Afterwards, he signed for Benetton Treviso in 1991. His contract was worth $23 million for 6 years, making him one of the highest paid players in the world at the time with an average annual salary of $3,8 million. He won the Italian League championship in 1992 and the Italian Cup in 1993. He also played in the EuroLeague final in 1993, winning the EuroLeague Final Four MVP once again. He was nicknamed "the White Magic", "the Spider from Split", "the Pink Panther", "the Waiter", "Euro Magic", and "the Croatian Sensation". Throughout the 1990s, he won several European Basketball Player of the Year Awards.

===Chicago Bulls ===
After being drafted by the NBA's Chicago Bulls in 1990, Kukoč continued to play in Europe, until finally reporting to the Bulls in 1993, when the team had just finished its first three-peat and had lost Michael Jordan to retirement. Although disappointed that he could not play with Jordan, Kukoč made his NBA debut on November 5, 1993.

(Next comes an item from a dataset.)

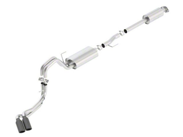 EXCEPT Raptor. Add Adapter 60556 for Crew Cab Standard Bed (6' 7") 156.8" wheelbase, or Adapter 60564 for Ext. Cab Long Bed (8' 2") 163.7" wheelbase. This system features a Black Chrome finish on 4" T-304 stainless steel tips. Using BORLA(r) Stainless Steel Polish p# 21461 is NOT recommended with these black chrome tips. We suggest cleaning the tips with hot water and a microfiber cloth. BORLA(r) Cat-Back(tm) and Axle-Back exhaust systems feature patented straight-through and multi-core technology designed to unleash hidden horsepower. Increased exhaust velocity adds power, driving excitement, fuel economy, and the distinctive BORLA(r) Sound of Power respected by motoring enthusiasts everywhere. Each system is built from premium, high-quality T-304 stainless steel, superior to T-400 series knockoffs (such as 409), to give you the absolute best in performance and durability. Ultra-smooth mandrel bends ensure maximum flow& power, and precision computer numerical control (CNC) manufacturing ensures an accurate fit. Best of all, BORLA(r) stands behind every system with a Million-Mile Warranty. Just what you'd expect from the world's most experienced (and most winning) exhaust brand.
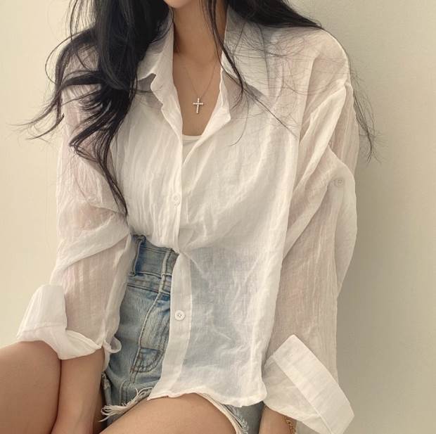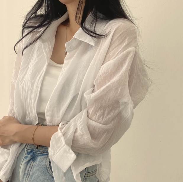 【P2倍&クーポン有】トップス レディース シャツ ブラウス 白シャツ 白トップス 夏 ショート丈 短丈トップス 裾短め 長袖 二の腕カバー 襟付き ストレート 羽織り 前開き オーバーサイズ 透け感 シアー カラバリあり グレー 灰色 ホワイト 白 イエロー 黄色 パープル

The Kukoč came off the bench in 1993–94 behind small forward Scottie Pippen and power forward Horace Grant. On January 21, 1994, in a game against the Indiana Pacers, Reggie Miller made a mid-range jumper with 0.8 seconds remaining to give the Pacers a 95–93 lead. Scottie Pippen inbounded the ball to Kukoc, who hit a three-point jumper at the buzzer to give the Bulls the win, 96–95. Kukoč put up a solid rookie season, averaging double-digit scoring and earning a berth on the NBA All-Rookie Second Team.

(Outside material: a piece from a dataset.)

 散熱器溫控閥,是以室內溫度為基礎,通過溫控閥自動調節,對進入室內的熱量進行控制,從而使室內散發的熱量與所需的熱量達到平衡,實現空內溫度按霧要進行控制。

On May 13, 1994, at the end of Game 3 of the Eastern Conference Semifinals, the Bulls and the New York Knicks were tied at 102 with 1.8 seconds left. Bulls coach Phil Jackson designed the last play for Kukoč, with Scottie Pippen charged with inbounding the basketball. Pippen was so angered by Jackson's decision to not let him take the potential game-winner that he refused to leave the bench and re-enter the game when the timeout was over. Kukoč did hit the game-winner, a 23-foot fadeaway jumper at the buzzer, though the Bulls eventually lost the series in seven games.

After Grant left in the offseason, Kukoč moved into the starting lineup and finished the 1994–95 season second on the Bulls in scoring, rebounds and assists, behind Pippen. Furthermore, Michael Jordan would return to the Bulls in March, fulfilling Kukoč's wish to play alongside him.

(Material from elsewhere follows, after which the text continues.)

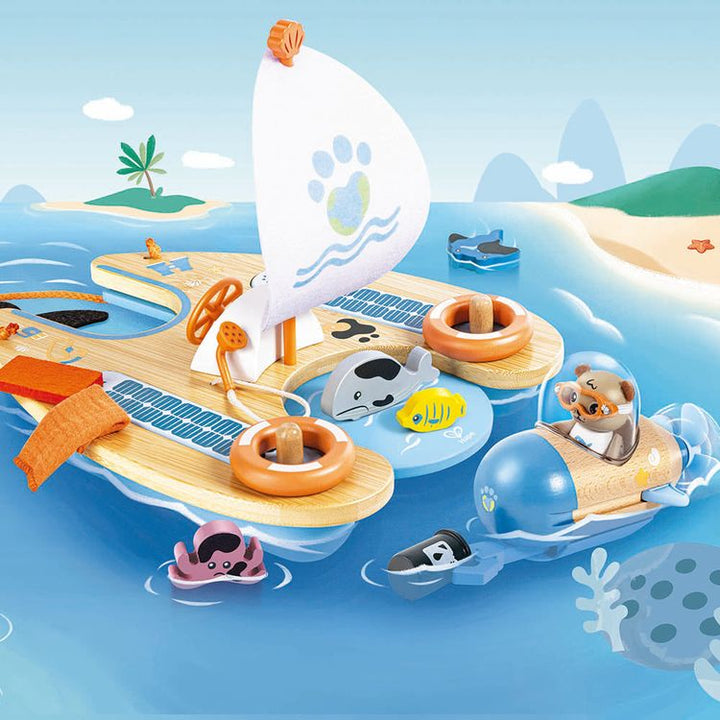 Discover ocean conservation with Ben the Otter and his Catamaran. This playset combines education and adventure, teaching children about protecting the seas. Ben's catamaran features a "solar-powered" submarine, so mini marine biologists can clean oil spills, rescue sea creatures, and understand the importance of carin

For the 1995–96 season, the Bulls were bolstered by both Jordan's return to full form and the offseason acquisition of exceptional rebounder Dennis Rodman. With Pippen still at small forward, coach Phil Jackson saw it best to have Kukoč continue to be a bench player. Kukoč was third on the team in scoring (behind Jordan and Pippen) and was rewarded for his efforts with the NBA Sixth Man of the Year Award. He also assisted the Bulls to a 25-game turnaround and the best record in league history at the time at 72–10 (later surpassed by the 2015–16 Golden State Warriors), as well as the fourth championship in team history. Kukoč was the 4th and is currently the last player to win the NBA Sixth Man of the Year Award and the NBA title in the same year having joined Kevin McHale, Bill Walton, and Bobby Jones in accomplishing that feat.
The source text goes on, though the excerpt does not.